In this paper, an extensive empirical study of performance estimation for forecasting problems using both artificially generated and real-world spatio-temporal data sets is provided. First, we observe that most often error estimates are reasonably accurate. Standard CV does have problems: it underfits and it exhibits a number of outliers of severe error underestimation. Moreover, though the best estimator in terms of absolute difference to the “gold standard” is not always the same, most top-performers block the data set in time. This is in line with previous research on time-ordered data [3, 20]. Indeed, for artificial data sets, time-buffered time-block CV is one of the best in terms of approximating the “gold standard” error while also avoiding being overly optimistic in the estimates. For real-world data sets, spatio-temporal block CV and, when using random forests, time-block CV (this time without the buffer) not only approximate the error better than other methods, they also mostly avoid being overly optimistic about errors. Note that the fact that time-buffered time block CV did not perform as well in real-world data sets might have to do with buffer size parametrization. Out-of-sample procedures, in general, did not do as well in terms of absolute difference to the gold-standard, but they did tend to avoid underestimation of the error in almost all cases which might still be seen as an advantage over cross-validation. These results seem to point to the temporal dimension being more important to respect when evaluating spatio-temporal forecasting methods.
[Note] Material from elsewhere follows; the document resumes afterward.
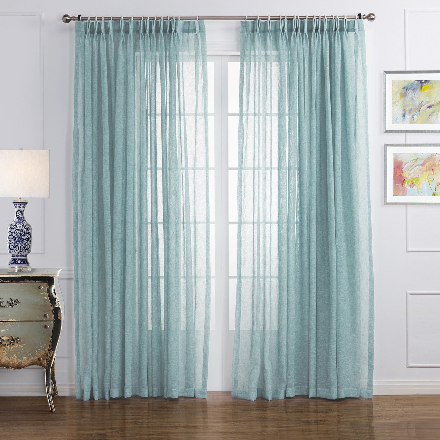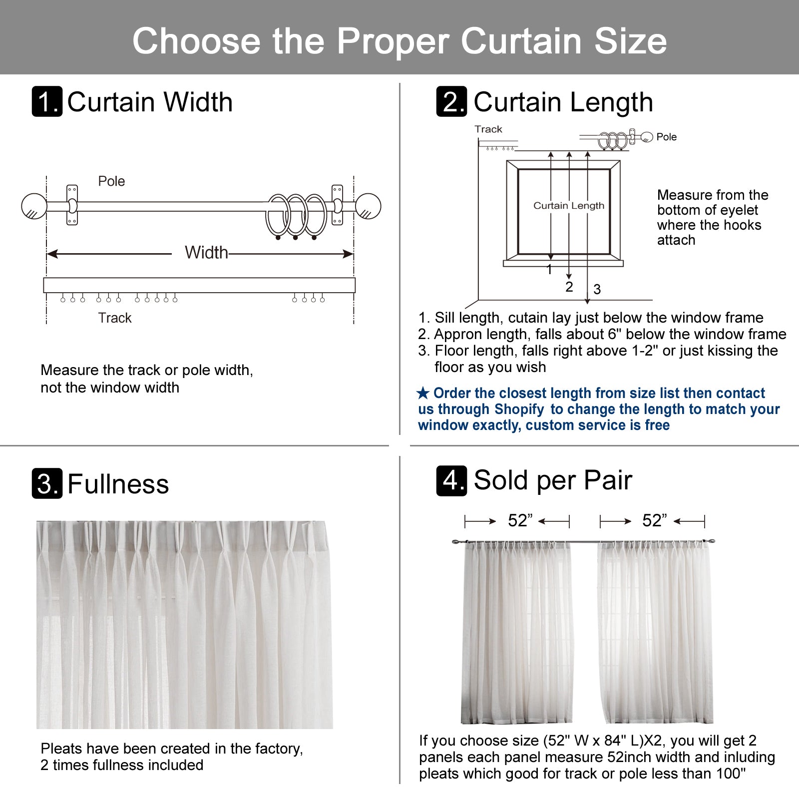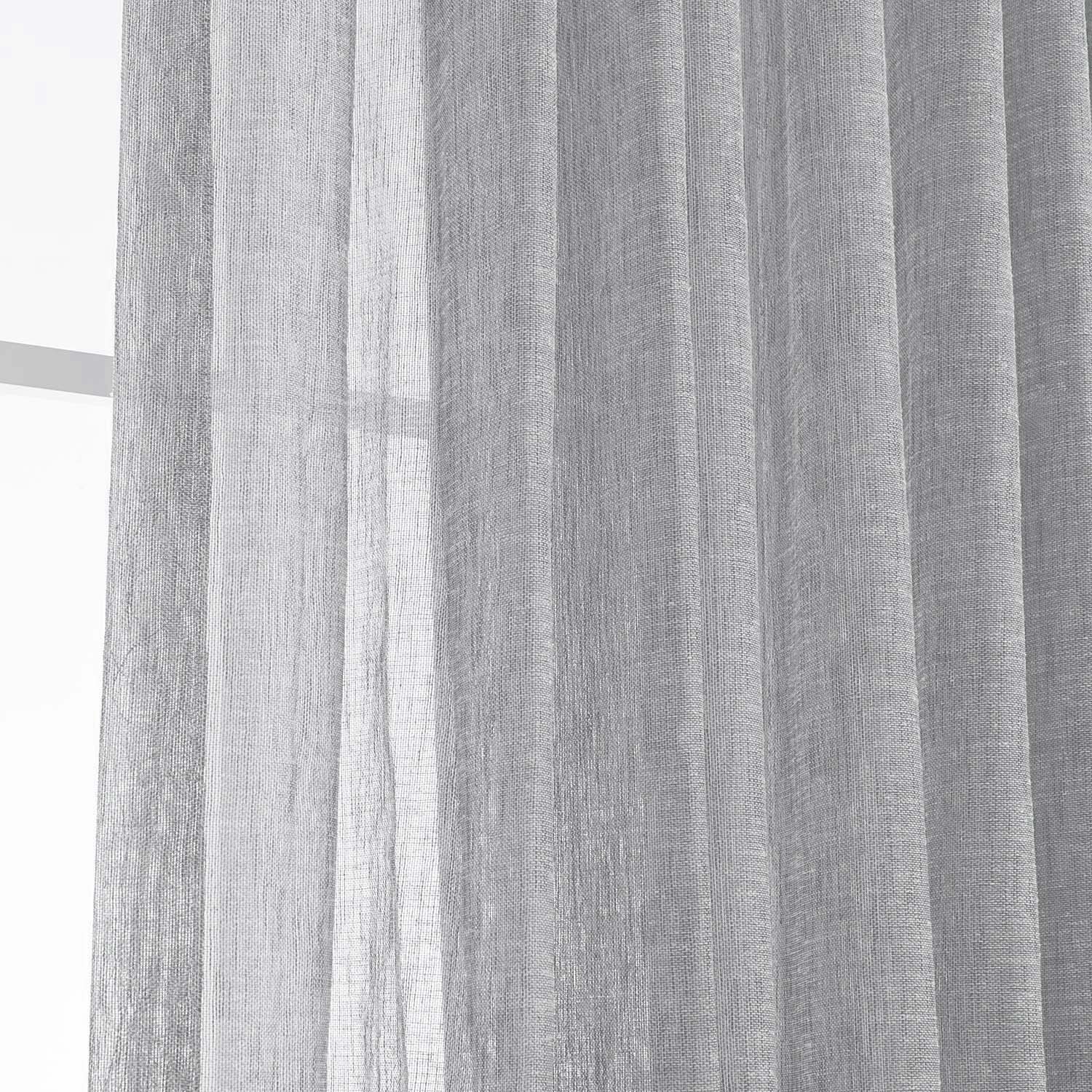 LANTIME Sheer Curtains , Faux Linen Double Pleats Window Sheer Curtains Panels Drapery for Home, Hotel, Office, Set of 2

There is some bias in the experimental design, but results are still fairly consistent and some issues can be addressed in future work. Varying the in-set/out-set ratio, and setting the “gold standard” as forecasting future observations in new locations (instead of forecasting for known locations only) are two future settings of interest. Moreover, the effect of train/test and buffer sizes on the estimation methods should be analysed. It would also be interesting to control for the effect of including outer locations and/or introducing missing data in artificial data. Moreover, in the case of real-world (or artificial) data sets with irregular grids, solutions to contiguous assignment of spatial blocks should be explored, possibly using quadtrees.